(Saved data entries)
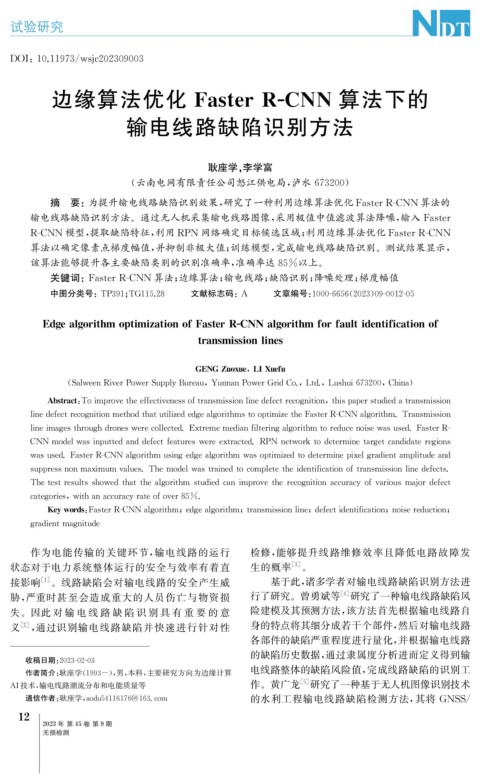 关键词: FasterR-CNN 算法; 边缘算法; 输电线路; 缺陷识别; 降噪处理; 梯度幅值
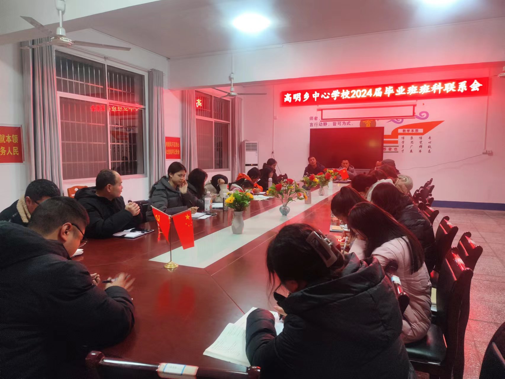 本网讯 1月4日晚,高明乡中心学校在乡中学会议室召开高明乡中学2024届毕业班班科联系会,中心学校全体班子成员、中学校长、教导主任、毕业班(八、九年级)统考科目的任课教师共计28人参加了会议,会议由中心学校副校长王桂初主持。 会上中学教导主任龙腾安就本届毕业班学生现状、学校采取的措施、毕业班后期工作安排、当前存在的困难等内容进行了发言。中心学校副校长王桂初宣布了中心学校班子成员联校包班人员名单,对下阶段毕业班工作的提出了建议和要求。中学校长高飞跃对毕业班工作进行了具体安排和部署。 中心学校党支部书记、校长冯治球做总结讲话,他提醒全体毕业班教师务必要明确目标,高度关注中考风向标,充分发扬团队精神,圆满完成计划目标。
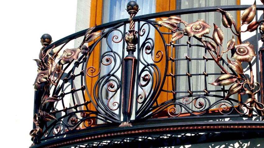 - โซลูชันการออกแบบที่หลากหลาย โลหะปลอมช่วยให้คุณสามารถใช้แนวคิดการออกแบบได้ คุณสามารถดูว่าการปลอมระเบียงฝรั่งเศสมีลักษณะอย่างไรในภาพ
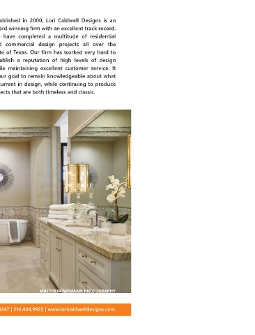 11888 Starcrest Dr. Suite 107, San Antonio, Texas 78247 | 210.404.9922 | www.loricaldwelldesigns.com
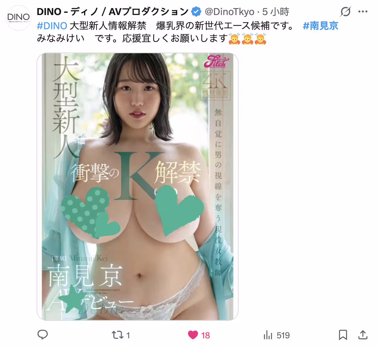 是因為太低調了嗎?應該沒有,雖然到目前本人還沒有在社群出現,但事務所DINO已經在第一時間跳了出來發文,稱南見京是「爆乳界的新世代王牌候選人」;那是只有身材沒有臉蛋嗎?我想這是大家最擔心的事,所以我們就直接來看宣傳影片中的她長什麼模樣吧ー
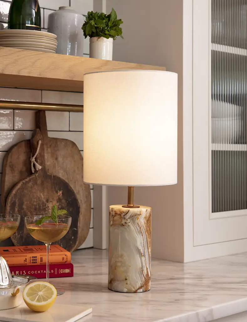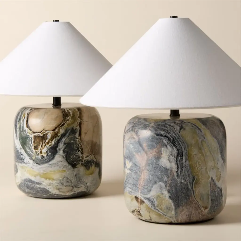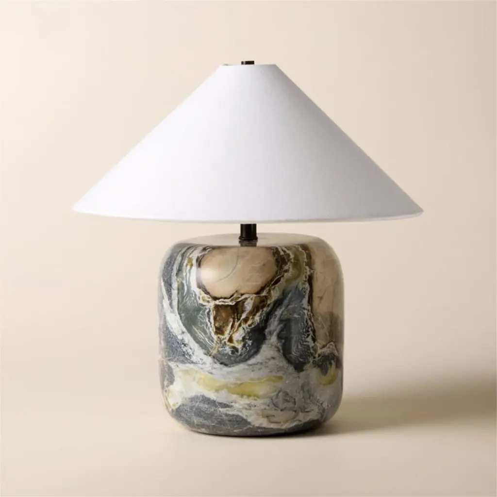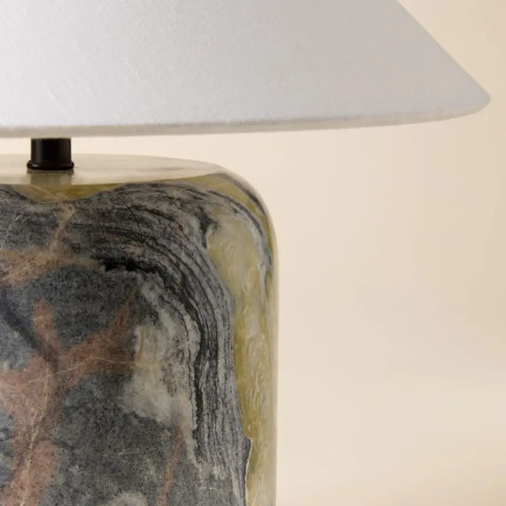 Mini marble table lamp by Melbourne-based design studio VUUE pairs clean lines with an elevated mix of materials. Carved from a solid piece of floral jade marble, the base is topped with a crisp white linen shade to cast a soft glow. The marble's bold veining means no two lamps are exactly alike. CB2 exclusive.
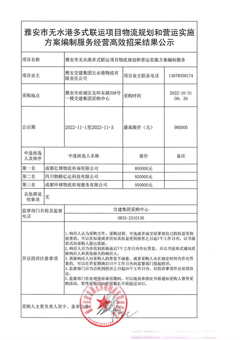 雅安交建集團(tuán)無(wú)水港物流有限責(zé)任公司雅安市無(wú)水港多式聯(lián)運(yùn)項(xiàng)目物流規(guī)劃和營(yíng)運(yùn)實(shí)施方案編制服務(wù)經(jīng)營(yíng)高效招采結(jié)果公示
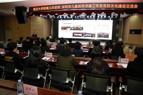 在深圳市儿童医院举行的“复旦大学附属儿科医院-深圳市儿童医院党建和医院文化建设交流会”上,徐虹介绍了附属儿科医院创建全国文明单位的历程和经验,以及按照学校“一个工程”和“五个机制”的要求,以党支部换届为契机,加强党支部建设的举措和成效。深圳市儿童医院党委书记文飞球介绍了该院党建工作以及医院文化建设的成果和经验。
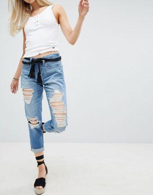 You can never have too many pairs Mid blue wash Mid rise Concealed fly Functional pockets Ripped design Your nan might not approve, but we do Boyfriend fit Straight outta their wardrobe
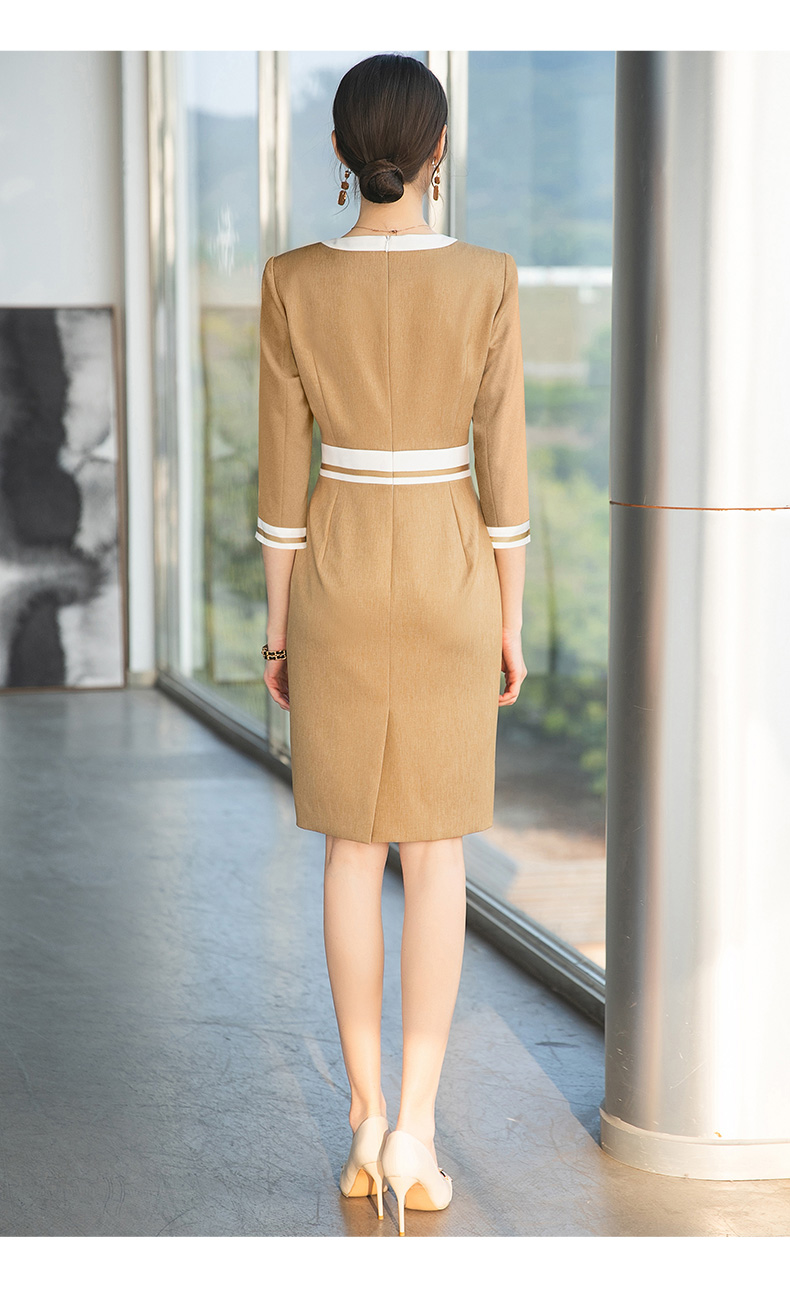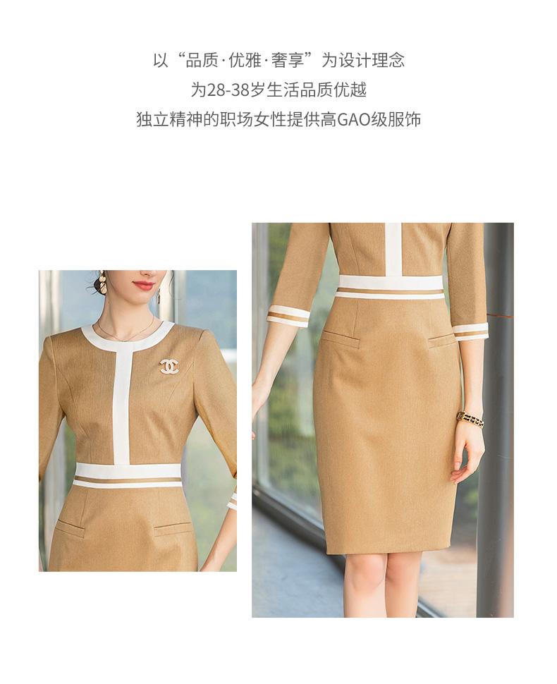 IWY/卡其色职业西装连衣裙医美工作服售楼部前台显瘦收腰时尚气质Q748
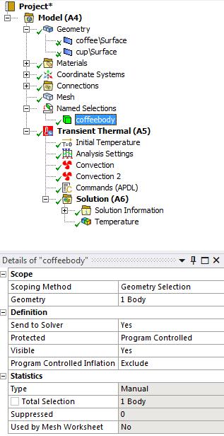 Click on the Body filter and click on the coffee then type N to create a Named Selection named coffeebody

TASK ITEM
Leave the pictures out. Transcribe exactly the lines from the one with "Mini marble table" through the end of the records.

EXPECTED ANSWER
 Mini marble table lamp by Melbourne-based design studio VUUE pairs clean lines with an elevated mix of materials. Carved from a solid piece of floral jade marble, the base is topped with a crisp white linen shade to cast a soft glow. The marble's bold veining means no two lamps are exactly alike. CB2 exclusive.
 雅安交建集團(tuán)無(wú)水港物流有限責(zé)任公司雅安市無(wú)水港多式聯(lián)運(yùn)項(xiàng)目物流規(guī)劃和營(yíng)運(yùn)實(shí)施方案編制服務(wù)經(jīng)營(yíng)高效招采結(jié)果公示
 在深圳市儿童医院举行的“复旦大学附属儿科医院-深圳市儿童医院党建和医院文化建设交流会”上,徐虹介绍了附属儿科医院创建全国文明单位的历程和经验,以及按照学校“一个工程”和“五个机制”的要求,以党支部换届为契机,加强党支部建设的举措和成效。深圳市儿童医院党委书记文飞球介绍了该院党建工作以及医院文化建设的成果和经验。
 You can never have too many pairs Mid blue wash Mid rise Concealed fly Functional pockets Ripped design Your nan might not approve, but we do Boyfriend fit Straight outta their wardrobe
 IWY/卡其色职业西装连衣裙医美工作服售楼部前台显瘦收腰时尚气质Q748
 Click on the Body filter and click on the coffee then type N to create a Named Selection named coffeebody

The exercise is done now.